Table 3. Comparison of the results of the MRM quantitation with the results of iTRAQ pooling experiment for 9 proteins. Protein ratios along with q-values are given

thumbnailFigure 4. Retinol-binding protein (RBP) levels as measured by MRM technique in a set of 27 ADPKD/25 healthy control samples. Note large differences in protein levels within ADPKD group and correlation of its high levels with progressor status of the patient (denoted by asterisks).

Discussion

Urine proteome is thought to contain renal disease fingerprints, but the pathology-related urine proteomics is still in its infancy. For ADPKD one study [8] was published in which a low molecular weight proteome fraction was studied and a set of potential disease markers was proposed. However, the most successful approach of global proteomic analyses of the total proteome, combining multiple steps of separation preceding quantitative mass spectrometry was not yet carried out for ADPKD urine samples. To fill this gap, in our approach we have combined iTRAQ based quantitation with peptide isoelectrofocusing and reversed phase separation coupled with MS to obtain an in-depth urine proteome coverage of quantitative analysis of ADPKD vs. control sample set.

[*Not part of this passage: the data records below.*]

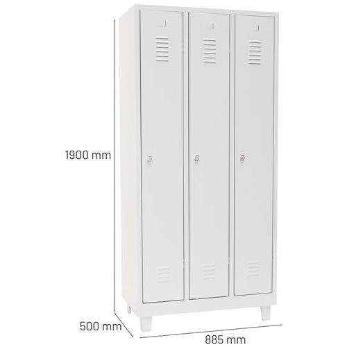 Garderobeskap Classic 300 med ben, et svært robust garderobeskap, utstyrt med dører som er forsterket med usynlige hengsler og har en optimal åpning på 180 grader. Friske og hygieniske: ventilasjon øverst og nederst på kleskapsdørene. Skapene har hull til å feste i vegg, for en sikker installasjon. Hvert garderobeskap Classic 300 består av 1 hylle, 1 stang og 1 krok. Stemplet etikettholder.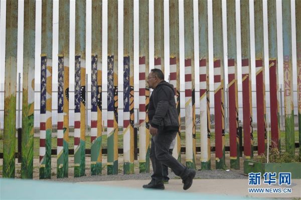 在墨西哥蒂华纳,居民从美墨边境墙前走过。新华社记者淡航摄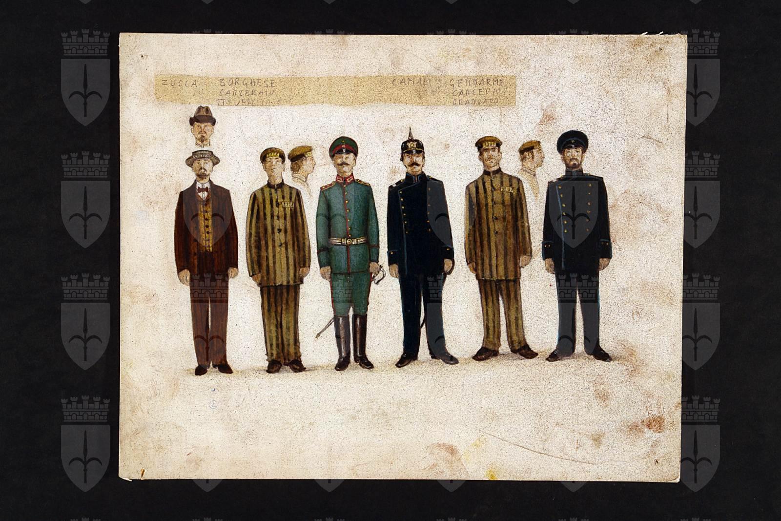 Il capitano di Köpenick di Carl Zuckmayer. Figure maschili intere, da sinistra: borghese, ufficiale, carcerato, gendarme, carcerato, graduato.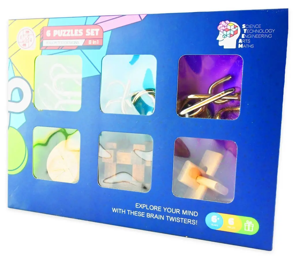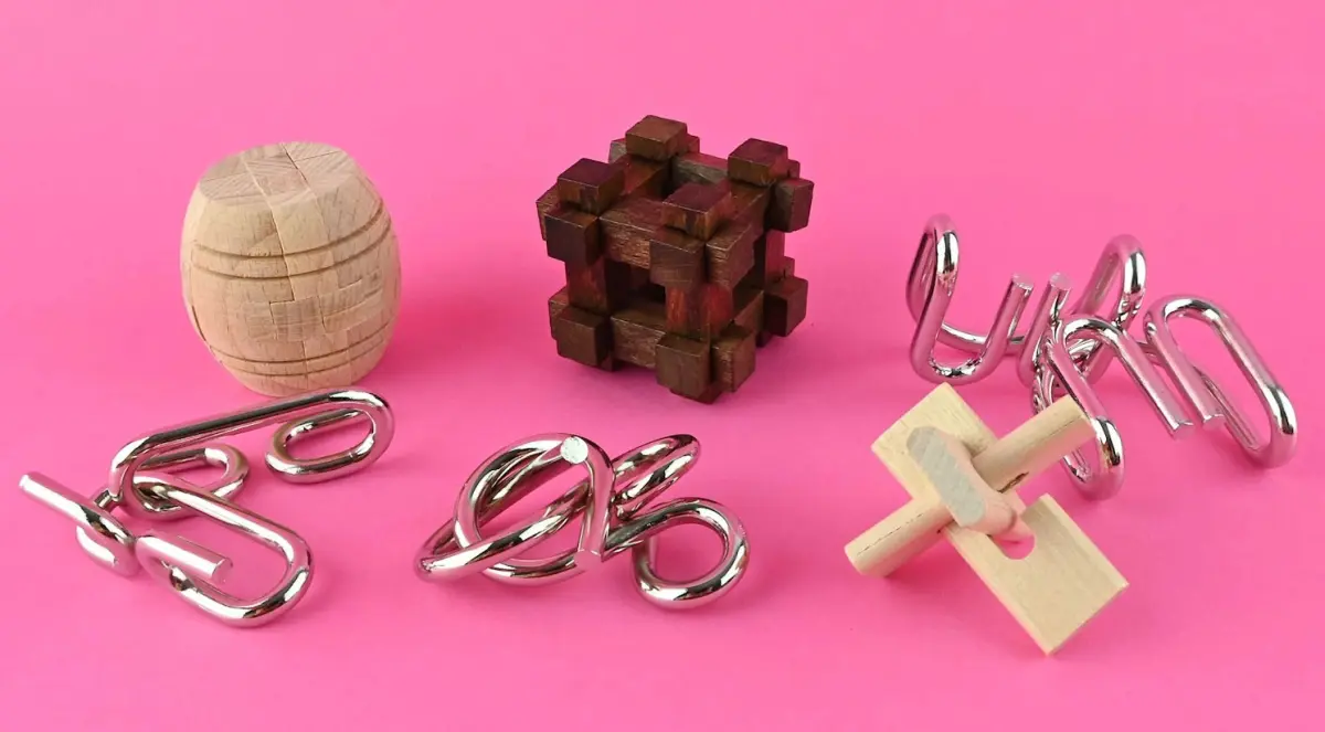 Sex kluriga IQ-pusselutmaningar i trä och metall.
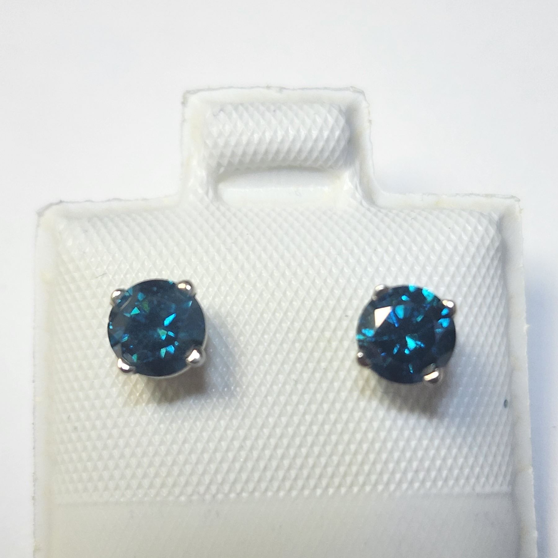 14K WHITE GOLD BLUE DIAMOND TREATED(0.9CT) EARRINGS (WEIGHT 0.67G)

Qualitative analysis – combined from three IEF-LC-MS-MS/MS experiments peptide identification brought a list of 14429 peptides assigned to proteins, corresponding to 1700 proteins, each identified by at least two peptides (Additional file 1). The median number of peptides per protein was 9.34. This list compares well with other attempts of qualitative characterization of human urine proteome in which the overall number of proteins depends strongly on the number of peptide/protein pre-fractionation steps used. 808 proteins were detected when the only separation step was LC preceding MS [9]. Adding 1D SDS PAGE separation step increased this number to 1102 [10] or 1543 [11] proteins represented by at least two peptides. Application of multidimensional separation strategy was shown to yield 2362 proteins [12], but the other group reports only 991 proteins [13]. Pairwise comparison of common proteins detected in our work yields 972 common proteins with Adachi [11], and 975 with 1823 proteins (including one-peptide hits) found by Li [13]. The number of common proteins detected in three publications [10,11,13] was compared in Figure  2 in Marimuthu's paper [10] yielding 658 common proteins of which 582 were detected in our work. This number correlates well with 587 proteins named “core urinary proteins” commonly detected in a large set of urine samples [9]. In conclusion our dataset represents very well core urinary proteins, however the number of unique proteins found in this work is also high, indicating that the urine proteome complexity is far from being explored in-depth.

Additional file 1. List of 1 700 proteins identified by at least two peptides.

Format: XLS Size: 217KB Download file

This file can be viewed with: Microsoft Excel ViewerOpen Data

In a quantitative analysis a list of proteins (DPL) differentiating ADPKD vs. healthy control samples has been established. The partial pooling experiment indicated a list of 155 proteins of different level in the urine of ADPKD patients compared to healthy subjects. We have found alterations in the complement system, apolipoproteins, group of serine protease inhibitors, several growth factors, collagen chains, extracellular matrix components, transmembrane proteins, and many others. Many of them have never been linked to ADPKD in previous studies. Additionally, our results confirm the alterations observed in animal models, concerning, for example, apolipoproteins [14]. Some proteins included in DPL have previously been linked to the progression of cystic kidney disease, for example CD14 molecule [15].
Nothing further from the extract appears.